EDT pour Pcf Paris 15, 7 novembre 2014
Presque 30% à l’audimat, 7,9 millions de téléspectateurs, pour une émission politique : TF1 a réussi son coup. On sait que sur TF1, ce n’est pas la qualité du programme qui compte mais l’audience et la satisfaction des producteurs.
Les coproducteurs, Elysée, Medef et UE ont toutes les raisons d’être contents d’eux. Leur objectif est de continuer à anesthésier la colère et le rejet populaire de la politiquement violemment antisociale poursuivie depuis 2012. L’interview télévisée d’hier s’est parfaitement inscrite dans cette stratégie politique.
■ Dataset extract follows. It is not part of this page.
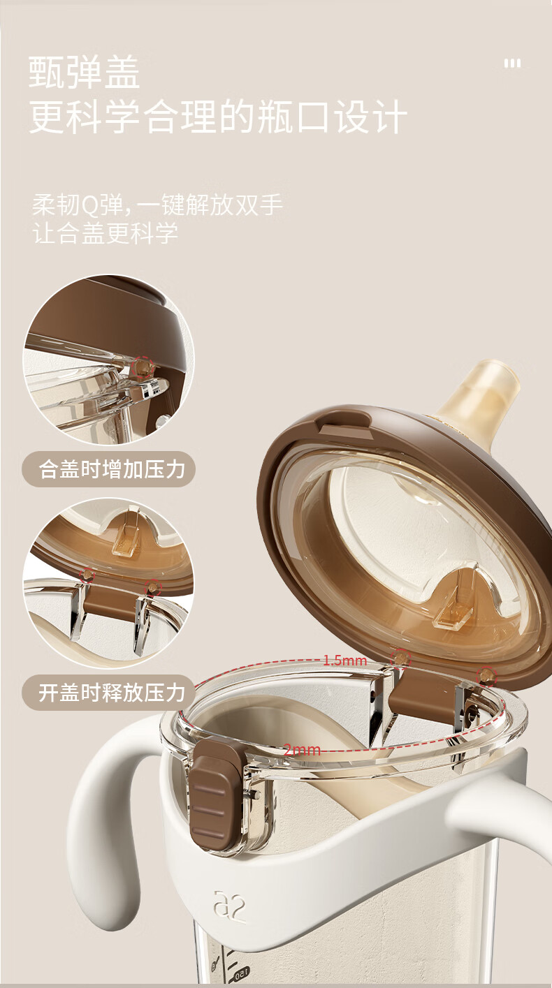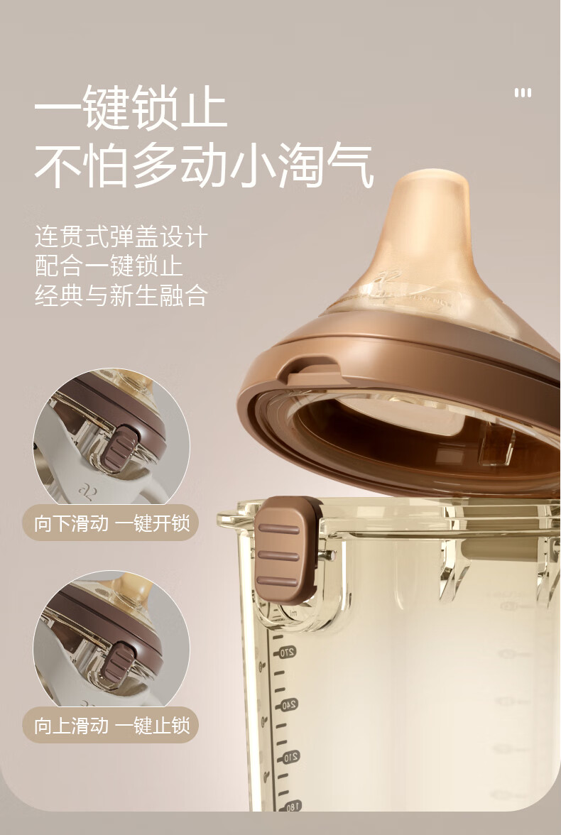 A 2翻盖奶瓶6个月以上一岁以上宝宝ppsu重力球吸管奶瓶鸭嘴300ml栗色 栗色咬吸水嘴直饮吸管(12月+) 240ml
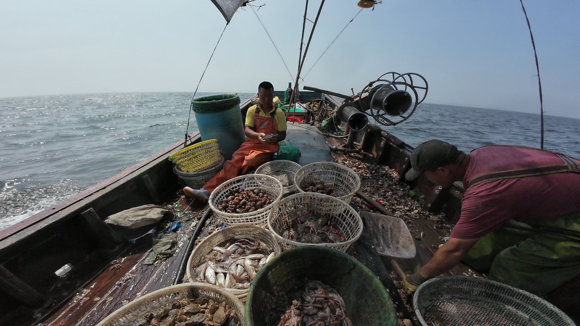 日益恢復的生態,讓漁民們的收獲也多了起來?!拔乙荒昴懿稉扑笞有啡那Ы?,海螺一萬多斤,八爪魚也能捕個兩三千斤,再加上其他海貨,收入還是挺滿意的?!睗O民于生利說。

François Hollande n’a annoncé aucun infléchissement de sa politique. Au contraire, il a, à nouveau, mis en avant le « pacte de responsabilité » comme remède universel, la réduction des « déficits », mais en même temps les cadeaux au profit des entreprises qui les creusent, comme ses axes directeurs. De nouvelles coupes dans le financement de la Sécurité sociale, avec encore des baisses de cotisations patronales, l’extension du travail du dimanche, du travail sponsorisé par la collectivité au service du patronat (contrats « d’avenir », service « civique » : les quelques nouveautés se situent dans la continuité. A Manuel Valls le soin de mettre en œuvre le pire et le non-dit.
Mais ces graves orientations de fond ont été bien diluées dans l’émission. Hollande n’a guère eu besoin de se justifier, sur rien, avec des interlocuteurs si complaisants.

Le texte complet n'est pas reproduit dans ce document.